In this context, we recognize the efforts of local, regional and global civil society organizations in the campaign to engage legal systems within states to enact pieces of legislation that will acknowledge enforced disappearances as a heinous crime and impose sanctions on the perpetrators. We also acknowledge the expressions of solidarity and support we received from States for the signing and ratification of the International Convention for the Protection of All Persons from Enforced Disappearance. Already, since the establishment of its monitoring body of this treaty, the UN Committee on Enforced Disappearances, the body already received more than 1,400 urgent action cases. This urgent action procedure is a part of its competence that is intended to save lives. While celebrating these victories, we must, however, acknowledge the fact that much remains to be done in achieving universal ratification and implementation.
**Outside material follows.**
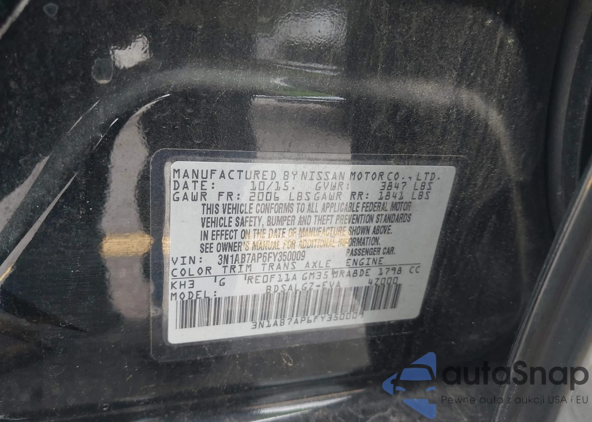 • VIN 3N1AB7AP6FY350009

To date, we only have 64 states parties and 94 signatories, figures that are far from universal ratification much-needed in this phenomenon of global magnitude.
As the world rapidly responds to the pandemic, we, the survivors, families and advocates against enforced disappearance will continue to persist to ensure that cases will be treated with utmost urgency. We are vigilant of the need for the issue not be sidelined, and for the search for truth, accountability and justice never to be forgotten. We take this opportunity to urge States to implement the Key Guidelines on COVID-19 and Enforced Disappearances jointly approved by the UN Working Group on Enforced or Involuntary Disappearances and the UN Committee on Enforced Disappearance.
Mandated to campaign for the universal ratification and implementation of the International Convention on Enforced Disappearances, the ICAED calls all states not yet parties to the Convention to ratify it without delay. It further calls on signatory states that have not yet ratified the treaty to expedite the process of ratification. Moreover, it calls on states parties that have not yet recognized the competence of the UN Committee on Enforced Disappearances to do it without further delay.
In conclusion, we borrow the words of Edita Burgos, mother of disappeared activist in the Philippines, Jonas Burgos: “ We will keep the memory of our disappeared alive forever. Forgetting them is allowing the perpetrators to achieve their goal in erasing our loved ones from this earth. By continuing their advocacy, we relive their memory. The disappeared shall live forever.”